■ Task prompt: Please restate the records that follow word for word, omitting any images.

[Saved entries]
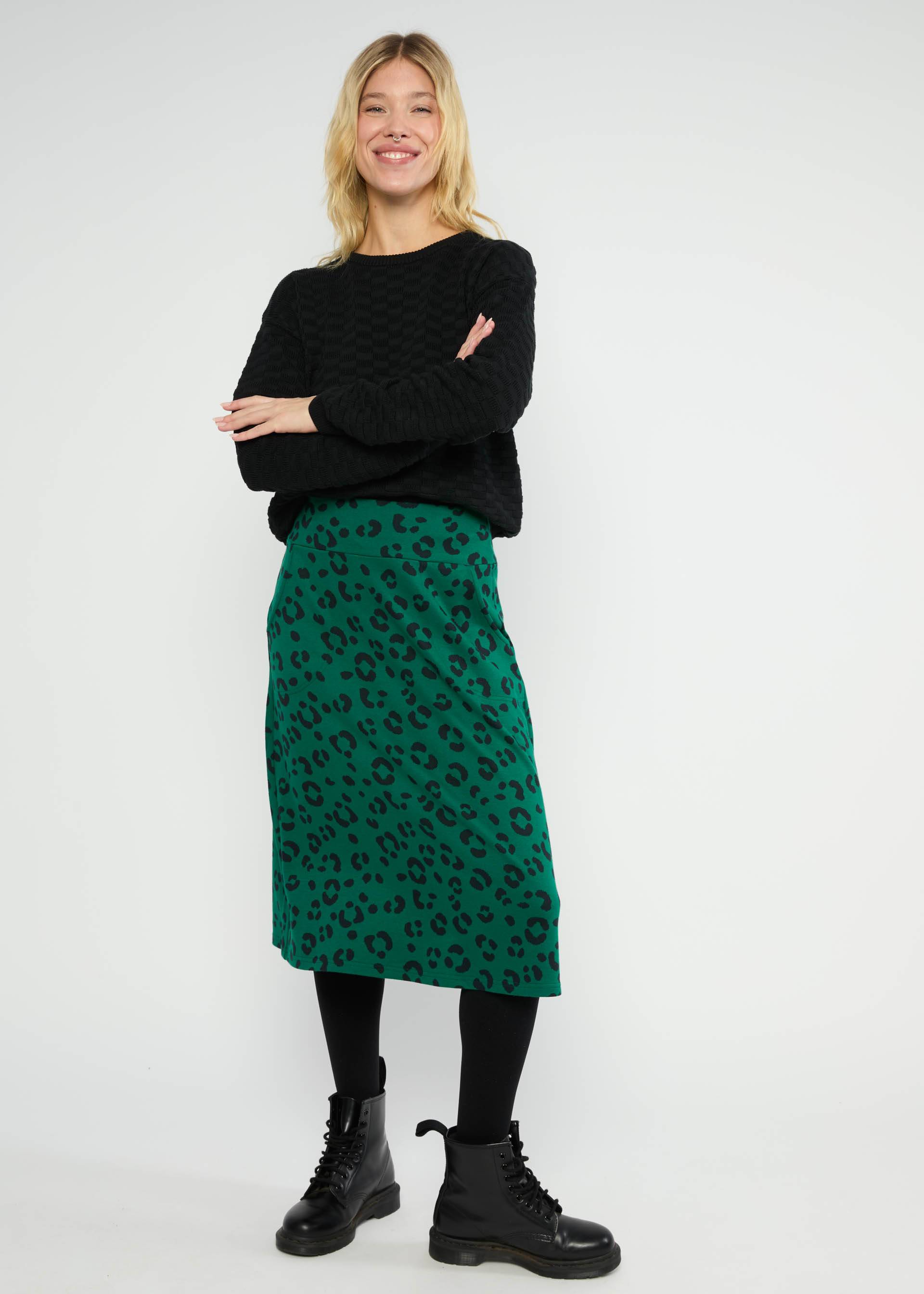 Dieser wadenlange Midirock aus anschmiegsamem Bio-Baumwoll-Interlock mit 5 % Elasthan bietet sanften Halt, wärmt angenehm und bleibt zuverlässig in Form.
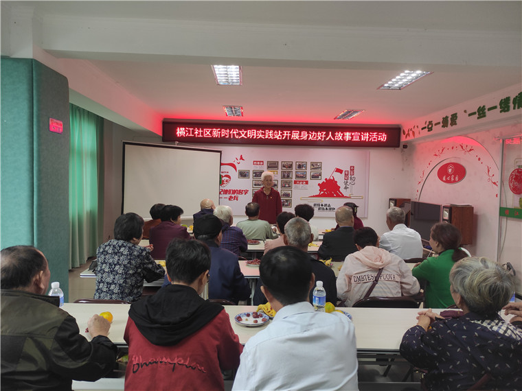 为充分发挥身边好人的示范引领作用,大力弘扬社会主义核心价值观,10月20日上午,休宁县海阳镇横江社区新时代文明实践站开展身边好人故事宣讲活动,通过讲身边人、说身边事,发现真善美,汇聚正能量,营造崇德向善、见贤思齐的浓厚氛围。本次活动由万秀巷东网格党支部的支部书记、横江社区平安大管家志愿服务队的大管家程慧芳进行宣讲。
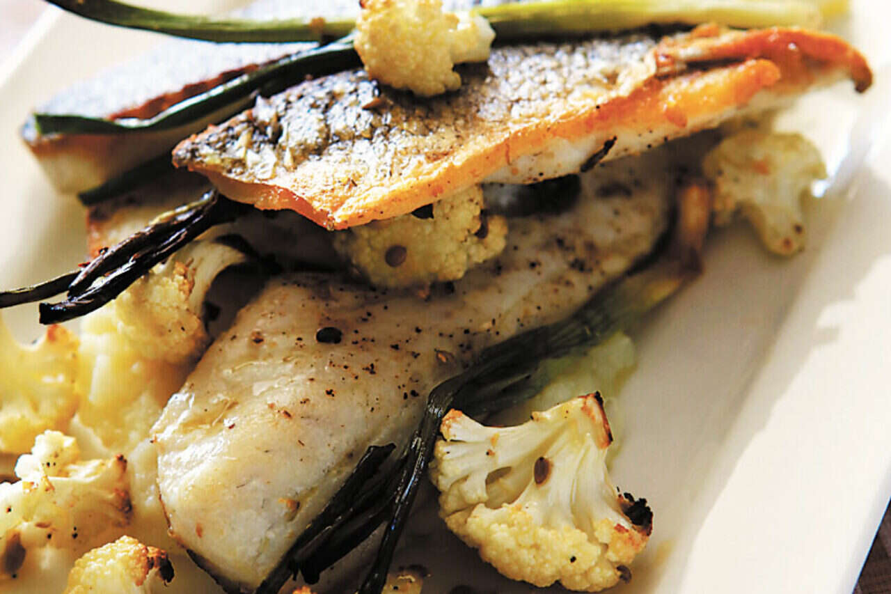 מסדרים על צלחות הגשה את המחית, מניחים עליה שני נתחי דג לכל מנה, מקשטים בכרובית צלויה ובבצל ירוק קצוץ ומגישים מייד.
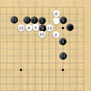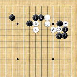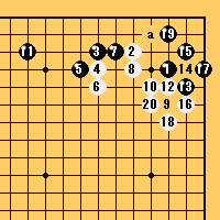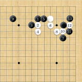 | 白のデギリに対し、黒が辺を重視するな場合には黒13とツグ手もある。白も先手を得ているので隅と辺のいいワカレとなる。白はツケノビて上辺を固めたからには棋理うえから13から切ることはありえない。 |
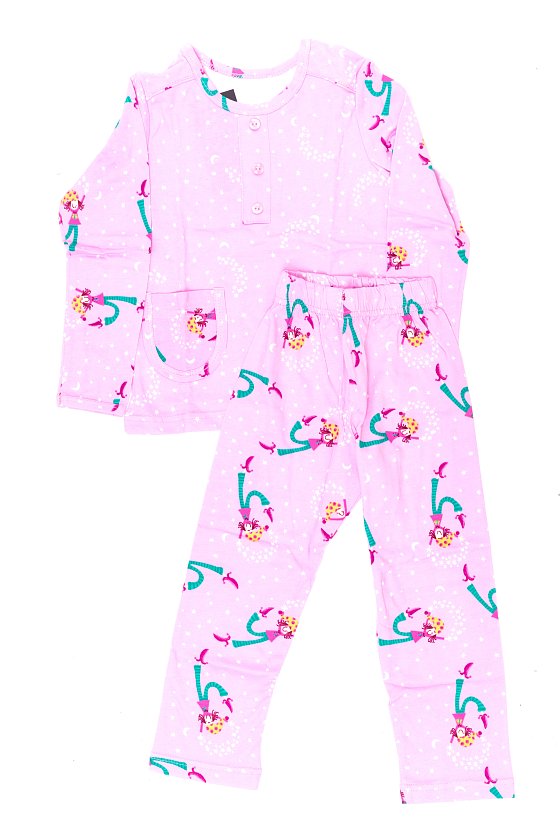 Пижама для девочек, выполнена из 100% хлопковой ткани. Футболка с длинным рукавом, спереди с карманами и планкой, имитирующей застёжку на пуговицы. Брюки прямого покроя на резине по поясу..

■ Completed exercise:
 Dieser wadenlange Midirock aus anschmiegsamem Bio-Baumwoll-Interlock mit 5 % Elasthan bietet sanften Halt, wärmt angenehm und bleibt zuverlässig in Form.
 为充分发挥身边好人的示范引领作用,大力弘扬社会主义核心价值观,10月20日上午,休宁县海阳镇横江社区新时代文明实践站开展身边好人故事宣讲活动,通过讲身边人、说身边事,发现真善美,汇聚正能量,营造崇德向善、见贤思齐的浓厚氛围。本次活动由万秀巷东网格党支部的支部书记、横江社区平安大管家志愿服务队的大管家程慧芳进行宣讲。
 מסדרים על צלחות הגשה את המחית, מניחים עליה שני נתחי דג לכל מנה, מקשטים בכרובית צלויה ובבצל ירוק קצוץ ומגישים מייד.
 | 白のデギリに対し、黒が辺を重視するな場合には黒13とツグ手もある。白も先手を得ているので隅と辺のいいワカレとなる。白はツケノビて上辺を固めたからには棋理うえから13から切ることはありえない。 |
 Пижама для девочек, выполнена из 100% хлопковой ткани. Футболка с длинным рукавом, спереди с карманами и планкой, имитирующей застёжку на пуговицы. Брюки прямого покроя на резине по поясу..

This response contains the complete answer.